Yup. In the list of design aims for the IX networks, it's not at the top of the list, but it's not at the bottom either. As most modern gear supports large frames, it is largely happening as a function of normal switch replacement. All switches deployed in the last couple of years on the APE and WIX fabrics support 1998 bytes (at 10/100Mb) and (at least) 9000 bytes for 1000Mb. That doesn't necessarily mean, though, that you'll get those MTU's across the exchanges - sometimes we do things that steal bytes, and there are still some older switches around with lower limits (particularly Cisco 2950's, which are 1500 bytes for all ports, and 3550's, which are ~2000 bytes on all ports). Right now, I think you'll get 9000 bytes on customer facing GE ports on APE, 2000 on WIX, and 1500 bytes on 100Mb ports on both IX's. I haven't tested, that, though, so YMMV. In Auckland, I believe the core is 9000 byte safe, but there are a bunch of 2950's strewn around the edge that will limit to 1500 bytes. There is no fixed plan to pull them out - they'll be replaced as demand dictates. In Wellington, there are less edge 2950's, but there are a dozen switches in the core which need to be replaced before we can carry
2000 bytes. I hope we'll have the majority of that work done by the end of the year, but it'll depend on what other work the outside plant guys have on.

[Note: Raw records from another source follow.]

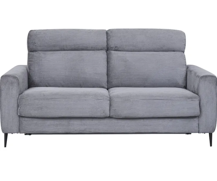 Das Sofa ist in einem eleganten Grauton gehalten, der sich harmonisch in verschiedene Einrichtungsstile einfügt. Der Bezug aus Textil verleiht dem Sofa eine angenehme Haptik und sorgt für hohen Sitzkomfort. Die Polsterung aus Schaumstoff bietet eine bequeme Sitz- und Liegefläche, während die schwarzen Metallfüße in matter Optik dem Sofa einen modernen Touch verleihen. Die klaren Linien und das dezente Streifenmuster des Stoffes unterstreichen das zeitlose Design.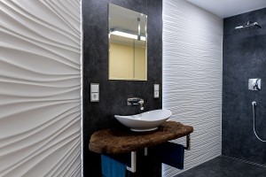 Das Erscheinungsbild einer Fliese wird neben dem Design auch entscheidend von der Oberflächenstruktur, der Textur und durch Glanz und Lichteinfall beeinflusst.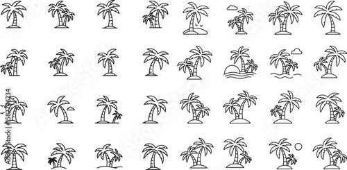 Extensive collection of diverse minimalist outline vector illustrations of various tropical palm trees, ideal for summer vacation, beach travel, and exotic island-themed graphic design projects.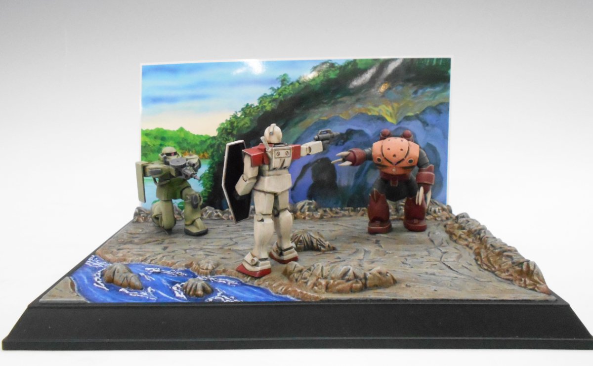 ジャブローに散る!の情景模型はMS自体の塗装だけではなく、洞窟に繋がる地面の岩肌や流れる川の塗装もしなければならない為、総合的な塗装の腕が問われますが、MSのみならず、ベースの塗装も凄く丁寧に塗装されており、あご出汁様の高い技量が伺えます。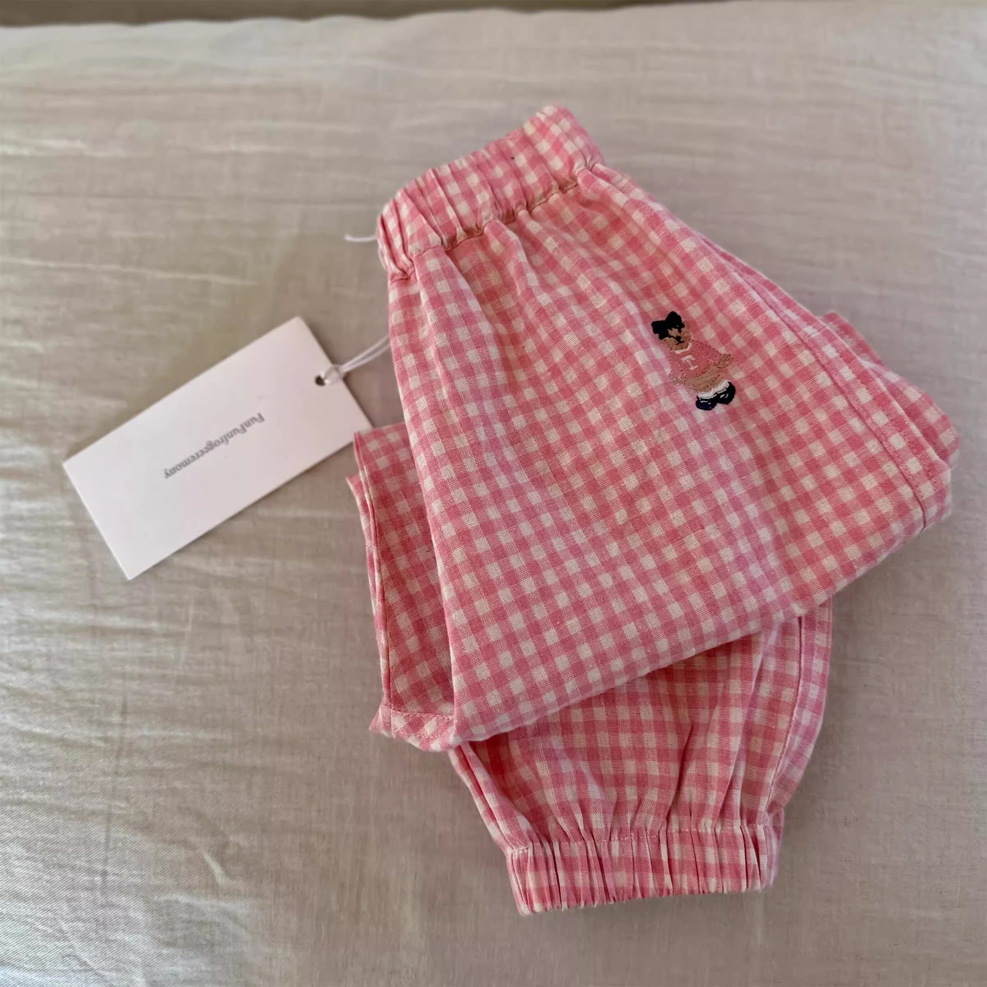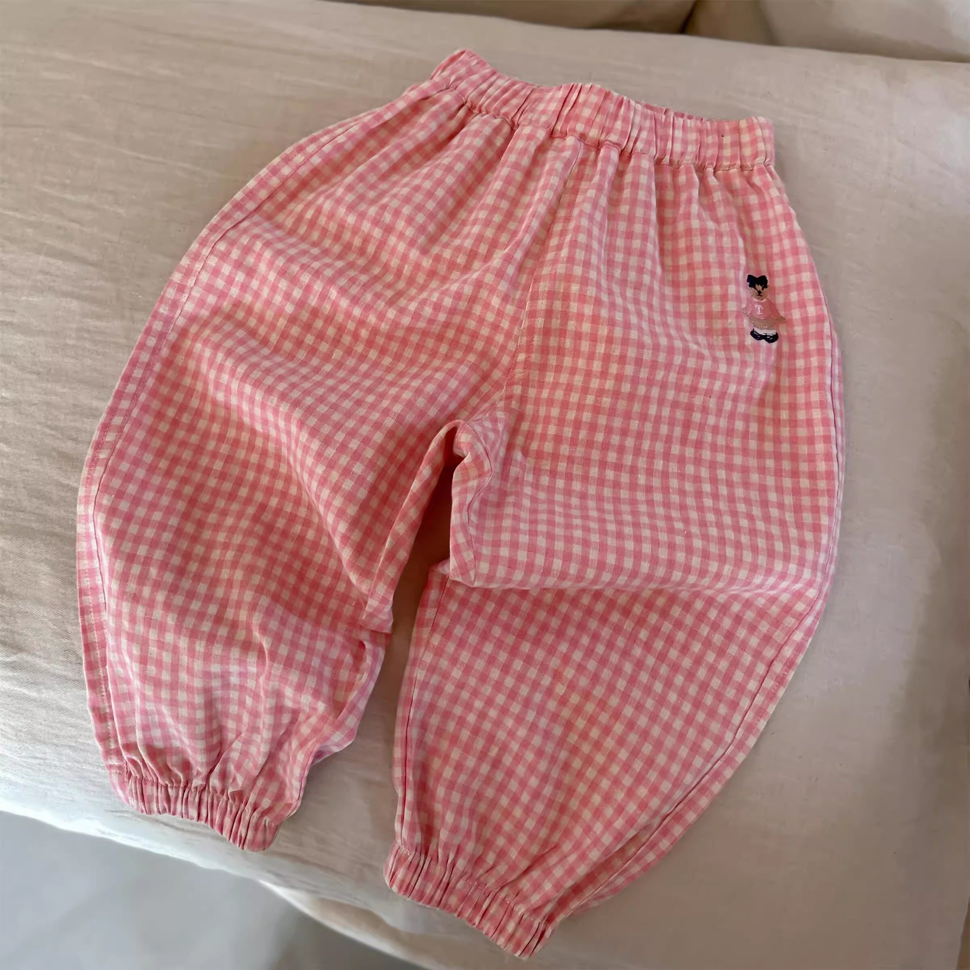 어린이 모기 방지 바지 2025 여름 소년 소녀를위한 일본 패션 격자 무늬 캐주얼 바지스토어 가기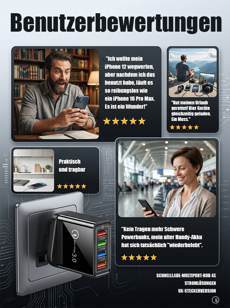 【Verbessern Sie die Akkulaufzeit Ihres Handys】Vierfacher Reise-Ladegerät
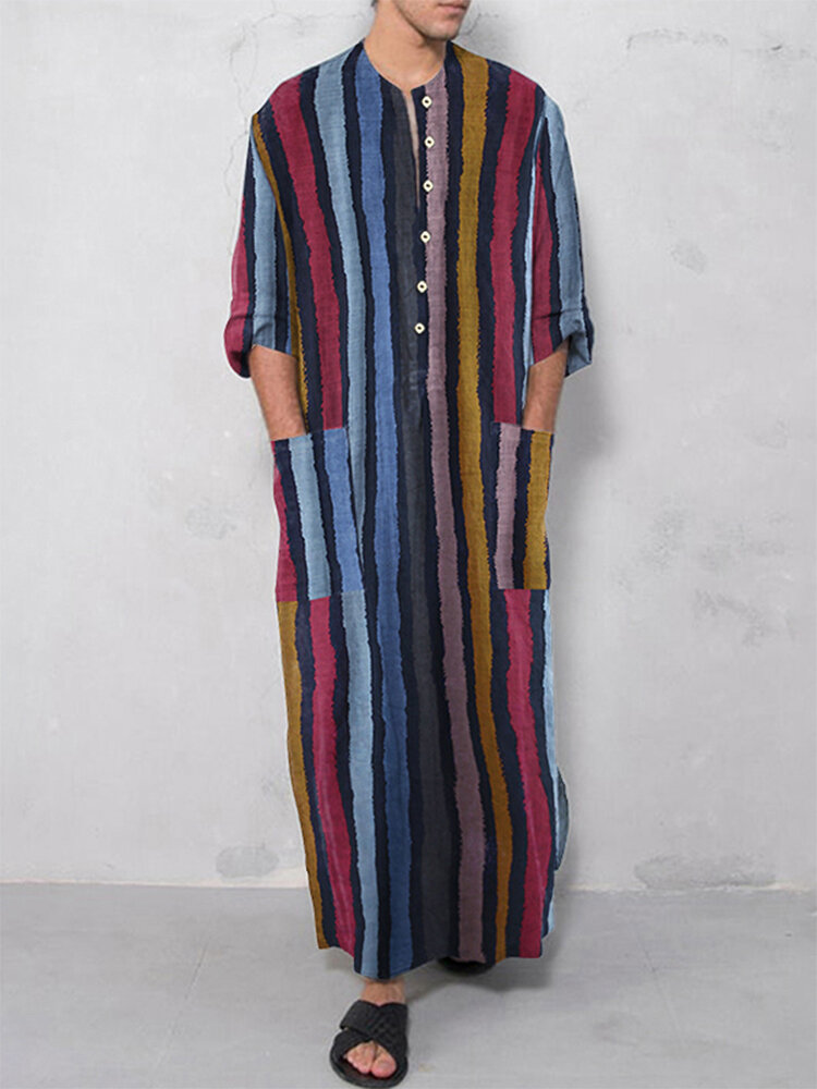 Mens Vintage Loose Kaftan Tops Men Long Robe Loungewear Casual T-Shirts – Red S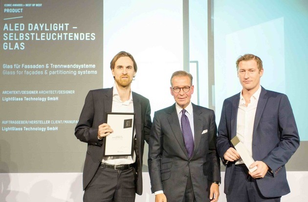 Die Technologie ALED Daylight des Smart Glass Technologieunternehmens wurde im Rahmen der Verleihung in München als richtungsweisende Innovation für den Baustoff Glas als Lichtquelle in der Architektur gewürdigt. LightGlass setzte sich damit beim Iconic Award 2015 gegen 600 internationale Einreichungen durch. Der renommierte Iconic Award hat dieses Jahr die höchste Anerkennung an LightGlass verliehen. Das österreichische Technologieunternehmen gewann den internationalen Award ([http://www.iconic-architecture.com/iconic-awards.html] (http://www.iconic-architecture.com/iconic-awards.html)) in der Hauptkategorie "Product" mit der Auszeichnung "Best of Best". Die Jury begründete ihre Entscheidung mit der wegweisenden Innovation, Tageslicht in hoher Qualität zu simulieren und Licht als Bestandteil der Architektur zu integrieren. Mit ALED Daylight wird Glas selbst zur Lichtquelle. Felix Zabel, Managing Partner von LightGlass: "Bei ALED Daylight handelt es sich um eine patentierte Technologie, die es ermöglicht, transparentes Glas per Knopfdruck im gesamten Farbspektrum flächig zu beleuchten. Da das Glas in jedes bestehende Architekturelement eingebaut werden kann, sind wir in der Lage, unsere Technologie branchenübergreifend an internationale Industriepartner zu lizenzieren. ALED Daylight ist großflächig, von langer Lebensdauer, stromsparend und kostengünstig, und so eine überzeugende Alternative zu OLED." Begründung der Jury für die Verleihung der Auszeichnung "Best of Best" (Auszug): "Ein absolut faszinierendes System, das das Thema Beleuchtung völlig neu interpretiert". LightGlass Video "The Evolution of Light": [http://www.lightglass.net/intro] (http://www.lightglass.net/intro) Ausgezeichnet wurden internationale Einreichungen mit einem besonderen Mehrwert und gestalterischer Exzellenz in der Architektur. Die LightGlass Technology GmbH befindet sich mit ihrer Auszeichnung dabei in hochkarätiger Gesellschaft mit Unternehmen wie Saint Gobain, Philips, Samsung, Seele, 3M, Dorma oder der Lindner Group. Paul Brettschuh, CEO von LightGlass: "Der Iconic Award ist eine internationale Auszeichnung für visionäre und innovative Lösungen und dadurch eine großartige Anerkennung für unsere zukunftsweisenden Technologien. Wir entwickeln einzigartige Lösungen zu interaktiver Glasarchitektur und raumsparenden Smart Glass-Anwendungen. Die Auszeichnung mit ?Best of Best? zeigt, dass wir mit den von uns entwickelten Technologien für den Baustoff Glas einen nachhaltigen Mehrwert für unsere heimischen und internationalen Kunden, Partner und Investoren bieten." Die Einsatzgebiete der LightGlass Technologien sind weit gestreut: Fenster, Türen, Fassadenelemente, Reinräume, Trennwandsysteme, Trockenbau, Aufzugssysteme, Hospitaltechnik sowie P.o.S.-Lösungen. Mit ALED Daylight revolutioniert das Wiener Unternehmen sowohl die Glas- als auch die Lichtindustrie. Über den Iconic Award: Der Iconic Award ist der erste neutrale internationale Architektur- und Designwettbewerb, der die Disziplinen in ihrem Zusammenspiel berücksichtigt. Prämiert werden visionäre Architektur, innovative Produkte und nachhaltige Kommunikation aus allen Sparten der Architektur, der Bau- und Immobilienbranche sowie der produzierenden Industrie in fünf Hauptkategorien. Damit will der Wettbewerb den Blick auf die elementare Bedeutung des Zusammenspiels einzelner Lösungen lenken. Der Fokus liegt auf der ganzheitlichen und konsistenten Inszenierung von Produkten in der Baukunst. Über LightGlass: Die LightGlass Technology GmbH wurde 2014 gegründet. Das Wiener Unternehmen entwickelt und lizenziert visionäre Smart Glass-Technologien für die internationale Industrie, wie selbstleuchtendes Glas in Tageslichtqualität und Glas mit integrierten technischen Modulen. Das Technologieunternehmen ist spezialisiert auf Smart Glass sowie technische Glaslösungen für den Architekturbereich. Die weltweit patentierten Technologien werden an führende Unternehmen vergeben, die in den Bereichen Glas und Licht, aber auch in den Bereichen Fenster, Türen, Reinraum, Aufzüge, Trennwände, Trockenbau, Fassaden tätig sind. Neben dem Angebot eines breiten Technologieportfolios entwickelt LightGlass auch exklusiv kundenspezifische Spezialanwendungen für internationale Großunternehmen. LightGlass Technologien haben weltweite Alleinstellungsmerkmale und sind dafür mehrfach international ausgezeichnet worden. Zuletzt wurde LightGlass im November 2015 unter knapp 1.000 Einreichungen mit dem 1. Platz beim GEWINN Jungunternehmer-Wettbewerb prämiert.

So right now, if >1500 byte frames are a requirement, it's always good to mention that when you are ordering a new port, just to remind the provisioning guys that the 2950's really do need to be thrown in the harbour.
I'd be interested in hearing from anyone who is jumbo-enabled on their transit connections, and particularly interested in hearing if they are seeing any significant number of packets that are >1500B on the Internet.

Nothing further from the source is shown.